By Eq. 1, \(q_{D \setminus T}(S)\) is the effect of S in data where subgroup T is not true. Informally, we compare the effect of S in data D to the effect of S in data from which \(c_D(T)\) has been removed, normalized by the number of data rows that satisfy both S and T.

Considering the difference in effect of S with and without T is a natural choice, as it is this effect that we are trying to explain. Averaging over the number of affected data rows, however, causes a strong bias towards smaller explanations: the smaller \(|c_D(S) \cap c_D(T)|\), the larger the influence. This is undesirable, in particular in the subgroup discovery setting, as subgroups with small covers tend to have long descriptions and do not generalize well. In practice, this results in many subgroups consisting of very few data rows that together ‘explain’ the larger subgroups.
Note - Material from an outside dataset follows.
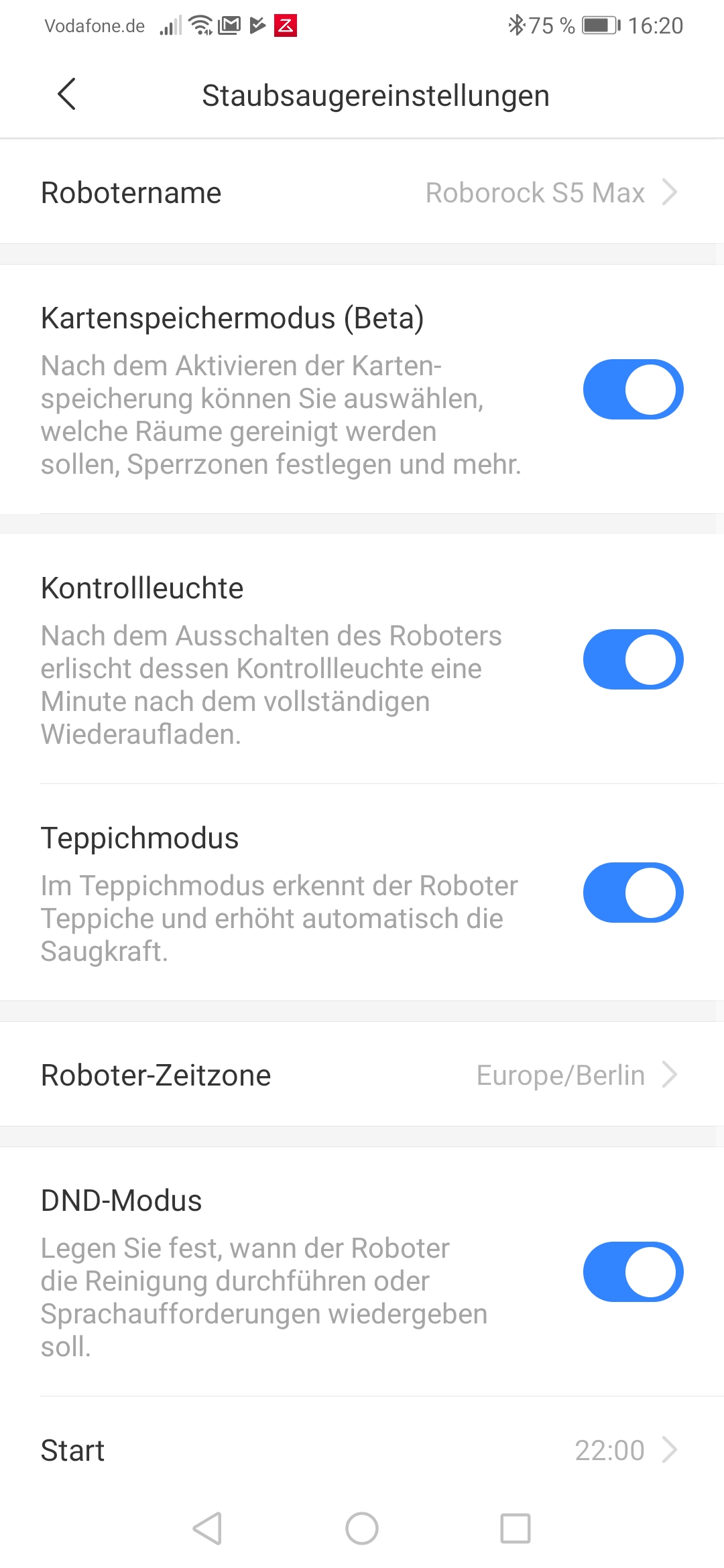 Die weiteren Funktionen sind in der Oberklasse üblich. Darunter fallen das Erstellen von Zeitplänen, nach denen der Roboter automatisch reinigt, automatische Saugkraftanhebung beim Befahren von Teppich und ein definierbares Zeitfenster, in dem der Roboter keinerlei Aktivitäten wie Reinigung oder Sprachbestätigungen von sich geben soll. Letzteres tut der Roboter gern – egal ob Laden, Reinigen, Festfahren oder das Einsetzen des beiliegenden Mopps: Alles wird per (auf Wunsch) deutscher Spracheausgabe dokumentiert. Diese Mitteilsamkeit macht den Roborock S5 Max zumindest ein bisschen menschlich – vor allem dann, wenn man ihn per App sucht und ein fröhliches „hey, hier bin ich!“ ertönt.

No normalization at all, on the other extreme, is not an option either: in that case subgroups T having a large cover are more likely to have a large influence. In fact, without the denominator in Eq. 3 we would have \(\mathrm{infl}(S,\emptyset ) = q_D(S) - q_{D\setminus D}(S) = q_D(S)\), implying that all data \(D = c_D(\emptyset )\) always has the largest possible influence on any subgroup S. (Recall that \(\emptyset \) is the empty subgroup description that matches all of D.)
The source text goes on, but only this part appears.